Mathabane joins the high school tennis team and begins to play in tournaments, unofficially sponsored by Wilfred Horn, owner of the Tennis Ranch. It is technically illegal for Mark to play there, but the law is ignored and he becomes more comfortable with whites who frequent the Tennis Ranch. Eventually renowned tennis player Stan Smith takes Mathabane under his wing when the two meet at a tournament. Stan pays for Mathabane to compete in tournaments and talks to his coach at the University of Southern California about Mathabane attending college in the United States. The coach writes to colleges on his behalf, and Mathabane earns a tennis scholarship to Limestone College and leaves for the U.S. in 1978.

==Characters and important people==
- Arthur Ashe – A black American tennis player who wins the Wimbledon tournament.
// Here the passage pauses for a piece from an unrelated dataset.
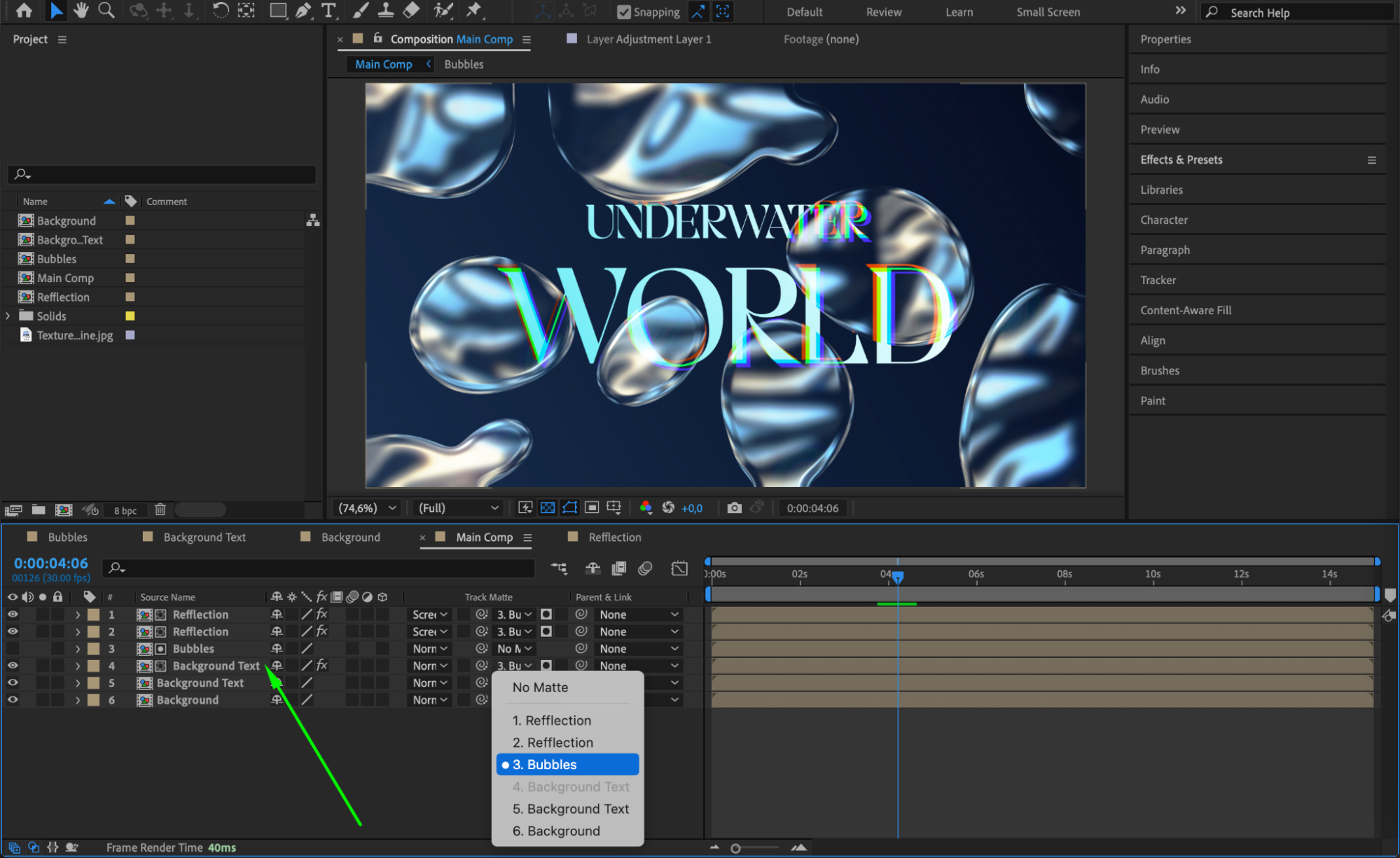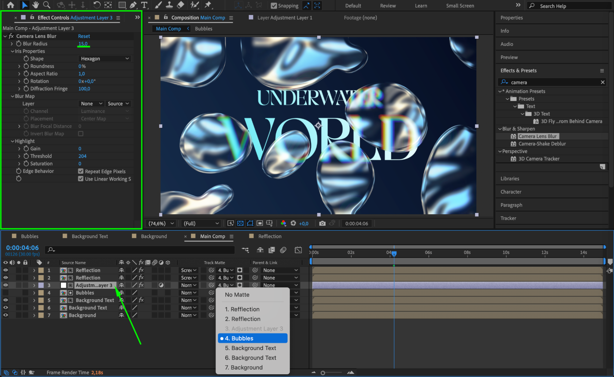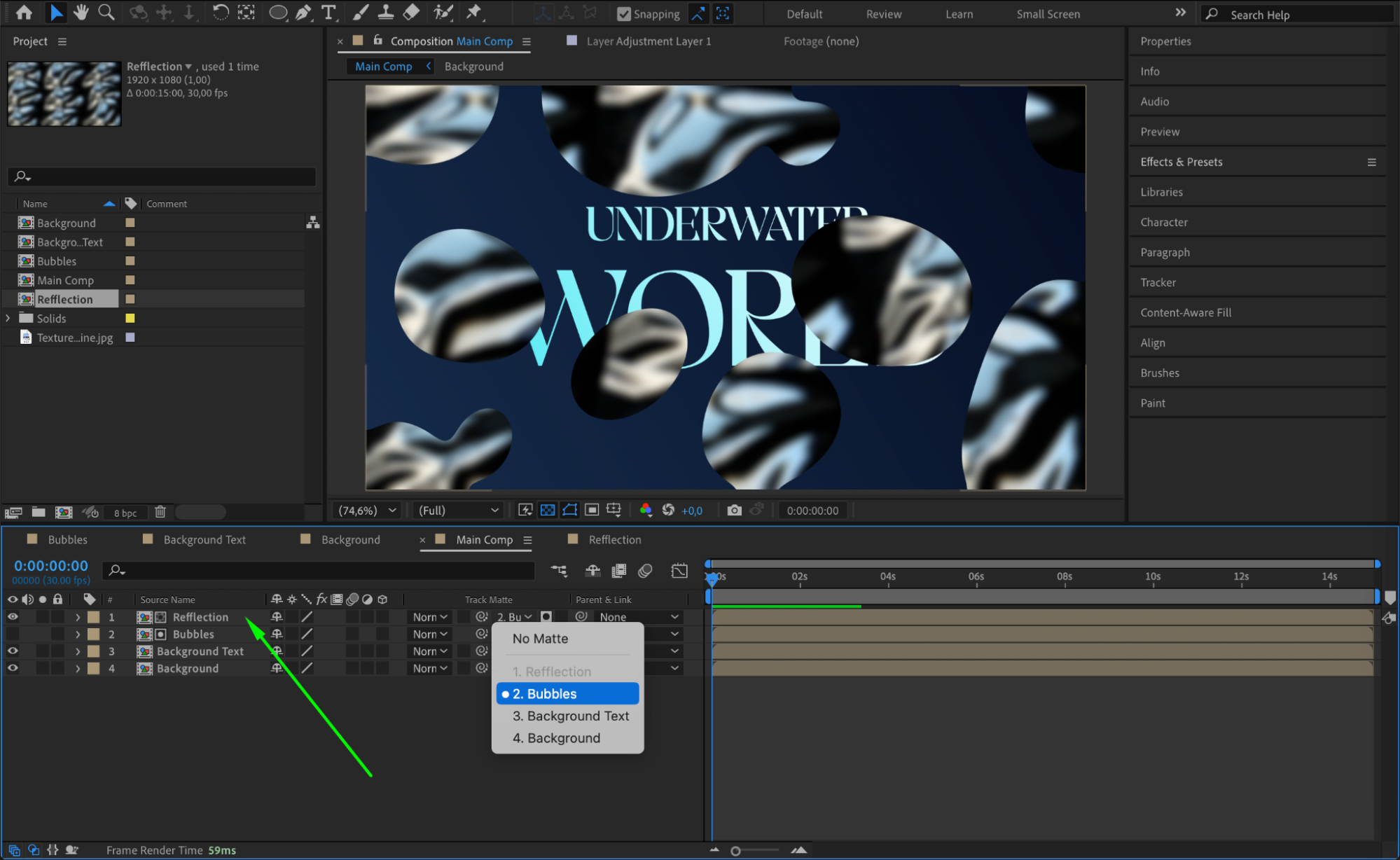 In the Track Matte Column, choose Bubbles Comp for the adjustment layer.

His game play encourages Mathabane to become a tennis player.
- Mark Mathabane – The author and narrator of the book
- The Smiths – The white family who introduced Mathabane to comic books and tennis.
- Wilfred Horn – Owner of exclusive Tennis Ranch and unofficial sponsor of Mathabane.
- Stan Smith – Renowned tennis player who relocates Mathabane to the United States by finding a college who is willing to give the author a tennis scholarship.
- [Abe 'Scara' Thomas] - Was like a father to Mark. He introduced him to tennis, gave him his first tennis racquet and mentored/coached him until he got the scholarship to the USA. He introduced Mark to different people who were prominent in the tennis circle. Abe Thomas loved Marvel comic books and collected them.

==Controversy==
Kaffir Boy has been banned in a number of schools, one of these being Cedar Crest High School, where the ban made headlines. The bans are due to a controversial scene involving child prostitution of young boys, which some have referred to as "pornography," sparking another headline defending the scene. While Mathabane wrote an article for The Washington Post stating that he would prefer it to be banned completely to being revised or censored, Mathabane has since authorized a revised version for use in such schools. The unrevised book is still used as high school reading material regardless of the controversial scenes.

==Reception and awards==
The book Kaffir Boy has won the prestigious Christopher Award for inspiring hope. The book reached number one on the Washington Post Bestseller's List and number three on the New York Times Bestseller's List. It has also been chosen by the American Library Association for inclusion on the list of "Outstanding Books for the College-Bound and Life-Long Learners."